Amongst the many who have slammed her, there may be some who are themselves relatives of war veterans and martyrs and therefore feel a sense of betrayal when they see someone, who in any other circumstance would have been considered one of their own, disregarding the memory of the slain.

To those people, I respect and empathise with your loss but must admit that I will never truly understand the loss you have suffered. It is in the same manner that I will not understand how Kaur can take the stand she has. I suppose different people react differently to the same situation. But it isn’t as if she did not harbour hate too.

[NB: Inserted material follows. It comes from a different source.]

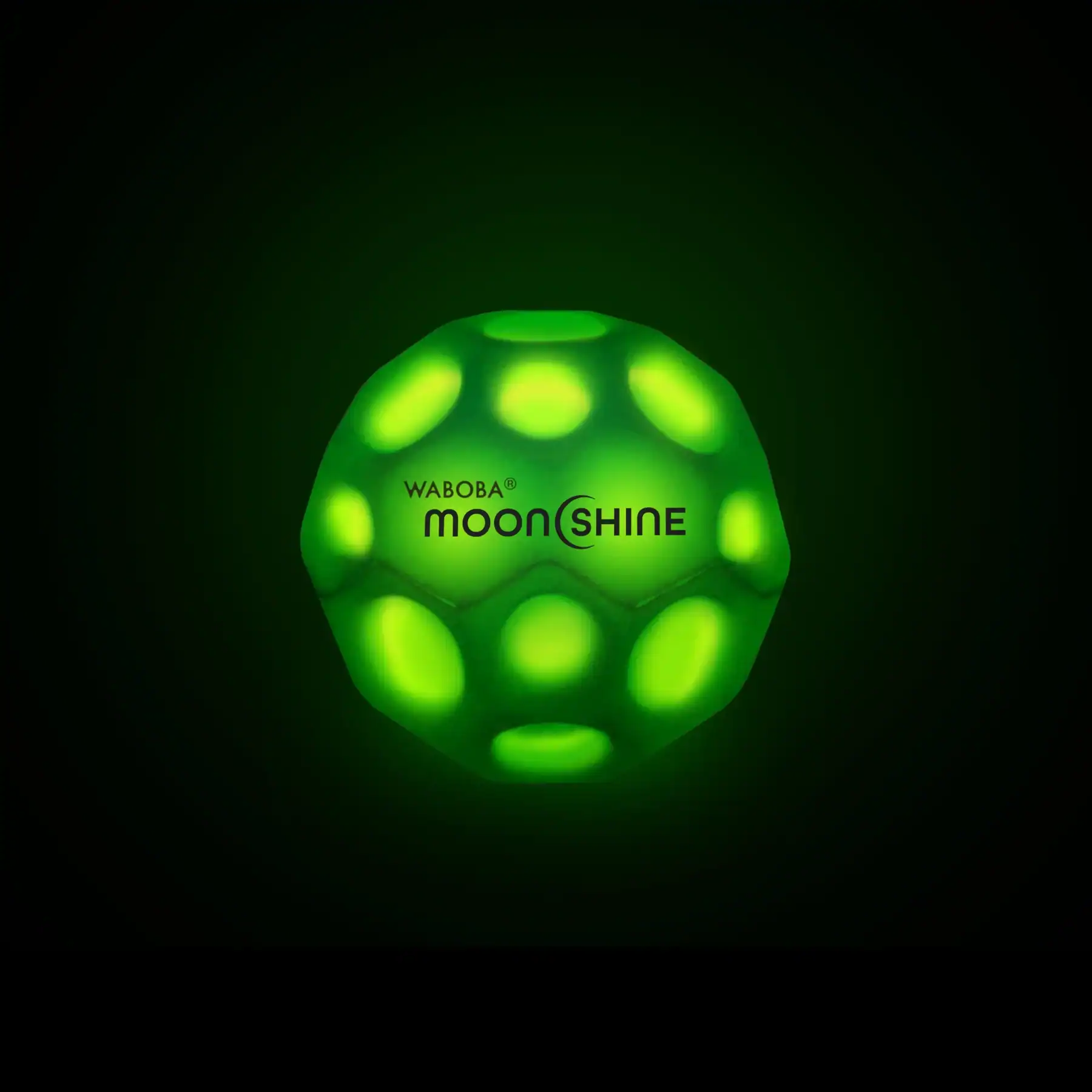Goodnight sunshine, hello Moonshine! The Waboba Moonshine Light-Up Moon Ball keeps the fun glowing long after the sun goes down. Just bounce to activate the bright LED light—then watch it flash for 7 seconds as it rockets into sky-high rebounds. Slightly smaller but lightyears ahead in nighttime fun!

If one watches the video in its entirety, you will see that she admits that as a child she hated Muslims because she thought all Muslims were Pakistanis- the subject of her hate- and who she blamed for her father’s death. She also once tried to stab a burkha-clad woman when she was six years old “because for some strange reason” she thought the woman was responsible for her growing up without a father. It was at that moment when her mother explained to her that Pakistan did not kill her father, war did.

Any sensible person with an iota of common sense who can think logically should be able to deduce that her message here is to tell people to resist war instead of going to war. For millions of Indians,  Pakistan may be the enemy but why is that? Is it not because we see them as such and they see us as enemies too? Will the world be a worse or a better place if relations between the two countries improved?

I ask these questions not disregarding the realpolitik of our current world but from Kaur’s perspective as someone who has suffered the loss of a parent and realises that soldiers across the globe follow orders given by people living miles away from the real danger of bullets and those who are more concerned with ballots.

Unfortunately, so many of us are unable to see beyond the immediate and the now. We see one image, fixate upon it and form our opinions from it. Voicing a world-view is not wrong; threatening rape is.

To all those criticising her and questioning her patriotism, I ask, what is so wrong with wanting peace? Is it so wrong to want better relations with our neighbours and expect the same from everyone? Wouldn’t the world actually be a better place if we lived in a world without wars? Is it a fallacy to believe in such an ideal world? Perhaps, so. But just because we do not live in an ideal world does not mean we should not strive towards one.

Then again, my idea of an ideal world will differ from yours. At least let’s talk about it.

PS: As for Virender Sehwag and actor Randeep Hooda’s comments- their juvenile behaviour is not even worth talking about.